In legal and policy work, adversarial red teaming uses AI as a skeptic rather than as an answer machine, working backward from worst-case scenarios to uncover vulnerabilities before they become problems. And in product development, Amazon’s PR/FAQ “working backwards” method flips the workflow entirely: teams write the press release and customer FAQ for a product before any development begins, forcing clarity on vision and constraints upfront.

These techniques share a common operational logic: use AI to provoke better questions, not just faster answers. Leaders who teach employees to work with AI in this way will find that the quality of AI-augmented thinking improves because the human doing the prompting has done the hard cognitive work first.

6. Embed Reflective Prompts and Cognitive Nudges in AI Tools
The design question that every leader should ask about AI tooling is “Does this keep our people thinking?” The most direct way to answer that question is to build reflective prompts into tools at the point of use so that instead of simply delivering an answer, the tool requires the user to think first. Several leaders called for AI models that actively surface levels of certainty, present counterarguments before a conclusion is accepted, and embed prompts such as “What assumptions are you making?" or require a brief human rationale before generating a recommendation.

These nudges serve a dual purpose. In the short term, they improve output quality by slowing down the unchallenged acceptance of AI-generated conclusions. Over time, they build employees’ meta-cognitive capacity—the ability to monitor their own thinking, recognize when they are offloading too readily, and deliberately re-engage their own judgment. The goal is that employees eventually internalize the prompt, asking “what am I missing?” before the tool asks it for them.

For example, a global information services tech company has deliberately designed in-house LLM-based tools to point users toward areas where they should apply their own judgment, rather than providing the solution directly. The prompt architecture itself is structured to provoke thinking, not replace it.

AI failure drills extend this logic further. Rather than simply teaching employees how to use AI well, some organizations are deliberately exposing them to AI behaving badly—introducing hallucinations, unexpected answers, and curveball questions into training modules to test how employees respond when AI behaves unpredictably. Exposure to AI failure, in controlled conditions, directly builds the habit of questioning outputs rather than accepting them.

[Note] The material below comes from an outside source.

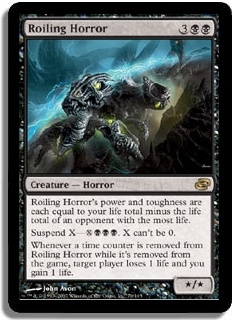Roiling Horror's power and toughness are each equal to your life total minus the life total of an opponent with the most life. Suspend X-XBBB. X can't be 0. Whenever a time counter is removed from Roiling Horror while it's removed from the game, target player loses 1 life and you gain 1 life.

Capability as a Competitive Advantage

The skills most at risk—judgment and decision making, problem understanding and framing, creative thinking, analysis and causal reasoning, and solution generation and evaluation—share a common vulnerability: they survive only through active use. The six strategies above are designed to protect those skills, ensuring that humans remain the originators of questions and judgment. Together, these strategies set the organizational conditions that govern AI use, redesign the daily mechanics of work, and ensure that the tools, rituals, and incentives within the environment itself actively build human capability.

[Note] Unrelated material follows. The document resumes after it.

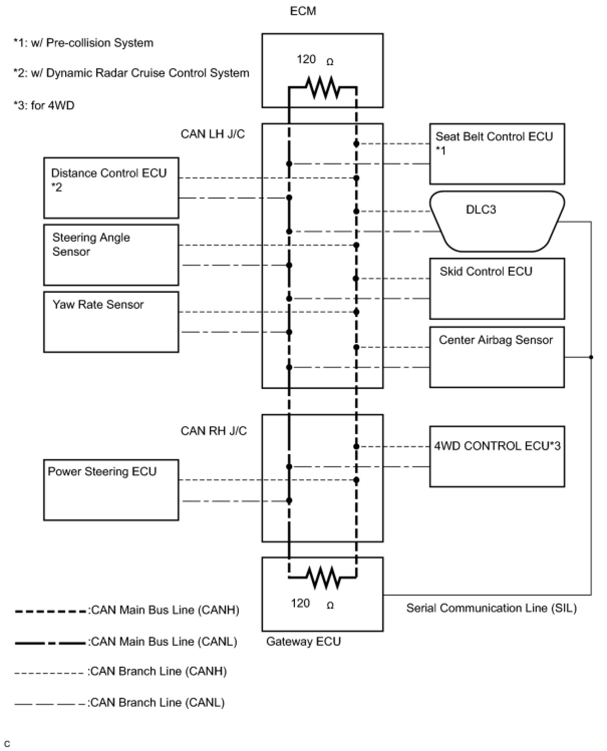 (1) The main bus line is a wire harness between the two terminating resistors on the bus (communication line). This is the main bus in the CAN communication system.

But the response cannot stop at protecting the skills most at risk. Leaders should also invest deliberately in relatively protected skills, such as empathy and active listening; curiosity and lifelong learning; motivation and self-awareness; resilience, flexibility, and agility; and leadership and social influence. These skills are not merely durable. They are the organizational immune system through which the most vulnerable capabilities are sustained.

Human skills are not a fixed endowment. They are a renewable asset that atrophies without use and grows with deliberate practice. Leaders who recognize this and act on it now will find that managing distributed de-skilling is not just a risk mitigation exercise, but a source of sustained competitive advantage.